Exclude the images, then return every line below exactly as written.

▶ PROVIDED MATERIAL:
================================
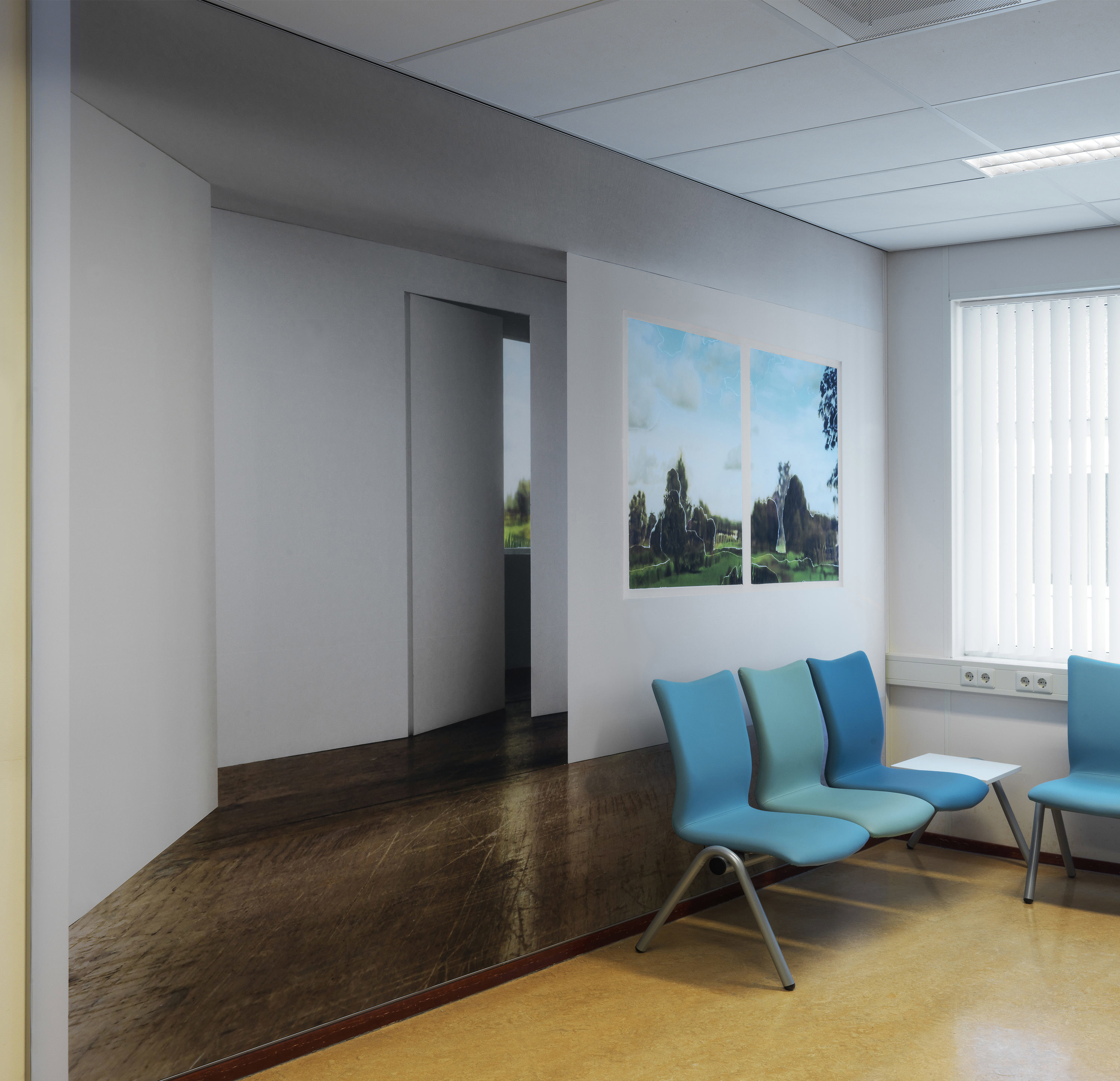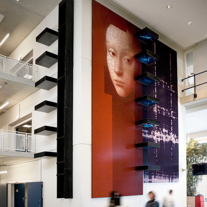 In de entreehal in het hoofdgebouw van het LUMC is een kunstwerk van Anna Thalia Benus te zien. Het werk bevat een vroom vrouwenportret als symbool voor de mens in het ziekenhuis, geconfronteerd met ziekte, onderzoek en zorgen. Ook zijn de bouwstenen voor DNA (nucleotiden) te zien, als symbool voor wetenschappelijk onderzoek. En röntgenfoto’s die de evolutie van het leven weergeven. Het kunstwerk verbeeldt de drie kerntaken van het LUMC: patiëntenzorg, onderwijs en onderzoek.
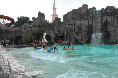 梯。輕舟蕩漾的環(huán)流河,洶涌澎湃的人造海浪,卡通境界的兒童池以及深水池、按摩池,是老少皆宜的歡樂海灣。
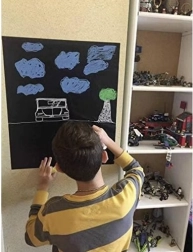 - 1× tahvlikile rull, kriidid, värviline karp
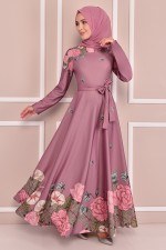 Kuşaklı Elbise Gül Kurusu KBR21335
================================
▶ RESULT:
 In de entreehal in het hoofdgebouw van het LUMC is een kunstwerk van Anna Thalia Benus te zien. Het werk bevat een vroom vrouwenportret als symbool voor de mens in het ziekenhuis, geconfronteerd met ziekte, onderzoek en zorgen. Ook zijn de bouwstenen voor DNA (nucleotiden) te zien, als symbool voor wetenschappelijk onderzoek. En röntgenfoto’s die de evolutie van het leven weergeven. Het kunstwerk verbeeldt de drie kerntaken van het LUMC: patiëntenzorg, onderwijs en onderzoek.
 梯。輕舟蕩漾的環(huán)流河,洶涌澎湃的人造海浪,卡通境界的兒童池以及深水池、按摩池,是老少皆宜的歡樂海灣。
 - 1× tahvlikile rull, kriidid, värviline karp
 Kuşaklı Elbise Gül Kurusu KBR21335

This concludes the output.